Ford’s populist appeal for some voters is not the story of this campaign. The determining factor here is far simpler: the PCs are profiting from the total collapse of the Liberal vote across the province. Because of that, they may be able to flip ridings in the 905 belt around Toronto and to elect several MPPs in the 416 itself. That’s very good for the Tories, but there’s no evidence that Ford is doing any better than any of his rivals for the PC leadership would have done, and there’s substantial evidence that he’s doing worse.

Most obviously, the PC campaign has pretty much been hiding their leader from the press for the past two weeks while it tries to focus attention on other senior members on the Tory slate — online advertising, for example, has put his former leadership rivals Christine Elliott and Caroline Mulroney front and centre.

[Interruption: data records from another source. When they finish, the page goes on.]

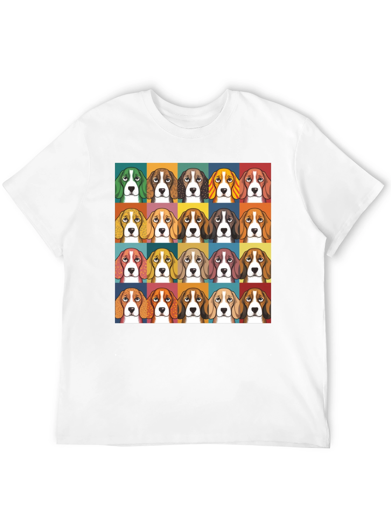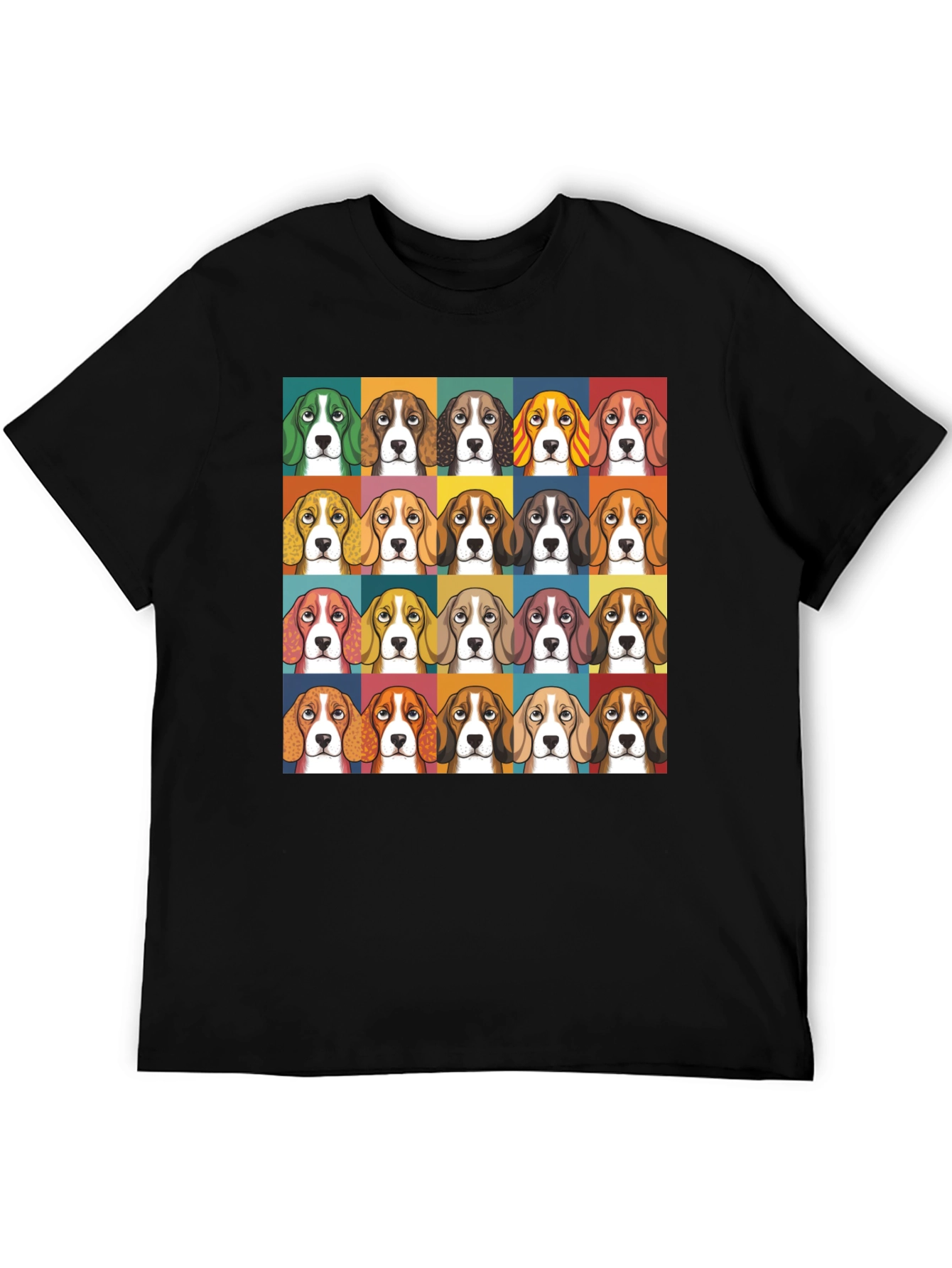 Esta camiseta negra presenta un estampado llamativo de múltiples caras de beagle en un estilo de diseño gráfico. Cada cara está enmarcada en cuadrados de diferentes colores, creando un patrón atractivo y moderno. Fabricada con un tejido suave y cómodo, esta camiseta de manga corta es perfecta para uso diario. Ideal para amantes de los perros y aquellos que buscan una prenda casual con un toque distintivo. Combina bien con jeans, pantalones cortos o faldas, adaptándose a diversos estilos. Añade un toque divertido y original a tu guardarropa con esta camiseta única.
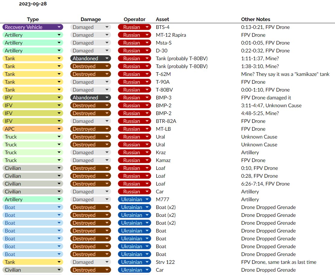 Selle loo taust on vist üks vatnikute totakas videokollaazh, mis 28nda paiku levima hakkas. Sisu on umbes selline, et droonidelt pommitatakse kuskil Dnepril erinevaid paate, mille otsene seos sõjategevusega on pigem kahtlane. Umbes 10nest paadist vaid ühel oli ka mingi mootor tuvastatav ja enamus nägid välja nagu kõige odavamad kohalike kalameeste kummipaadid suvaliselt kaldale vedelema jäetud.Kilo Tango kirjutas: ↑29 Sept, 2023 19:52 Huvitav, kus see kari paate pihta on saanud. Dnepril või Krimmi ja Odessa vahel?
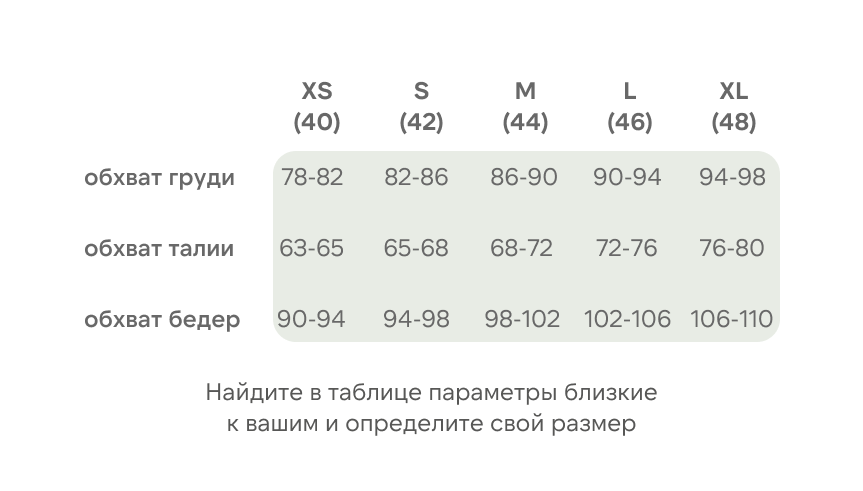 На Ульяне размер S Параметры Ульяны: Обхват груди: 85см; Обхват талии: 61см; Обхват бедер: 92см; Рост: 178см; Размер: S(44)
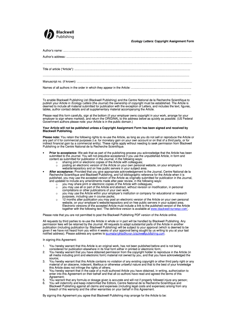 The Ecology Letters Copyright Assignment Form is a legal document used by authors to transfer copyright ownership of their articles to Blackwell Publishing and the Centre National de la Recherche Scientifique.
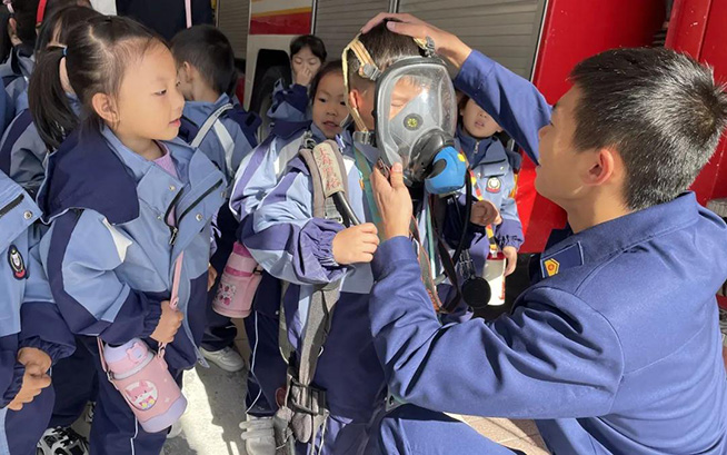 消防员叔叔生动形象地向大家介绍了消防车辆和一些随车器材装备。

Indeed, if we take Tory messaging about the NDP seriously — that the party is entirely unfit to form government given its allegedly radical views — then it’s even more damning that Ford has been unable to leap ahead of his social-democrat opponents in the polls.

The PCs seem to understand the lessons of the 2014 Toronto mayoral race, which saw Ford lose badly to a more moderate Tory option: insofar as “Ford Nation” exists, it’s basically just a synonym for “angrier conservatives.” Ford has a powerful appeal for people who were going to vote Tory anyway, but he repels many voters who would otherwise be willing to cast their ballot for a moderate conservative option. Which helps explain why Ford has been kept virtually under lock and key this campaign.

Now, he’s still currently looking at a majority government if the polls are right, and a narrow win is as good as a landslide once the election is over: the Tories will control the agenda for four years and have a free hand to implement their plan (voters will presumably learn what that is someday).

But he’s not going to owe his victory to a cult of personality or to his populist charisma. If he wins, it will for a far more banal reason: the governing party has utterly disqualified itself with voters, and the vast majority of those voters are looking for a change. Of the roughly 80 per cent of voters looking to change the party in charge at Queen’s Park, a slight majority prefer Ford to the NDP. And thanks to the way we count ballots in Ontario, the Tories will end up with a disproportionate share of the votes.

In other words, the outcome on election night will likely be largely the result of Ontario’s political history and culture.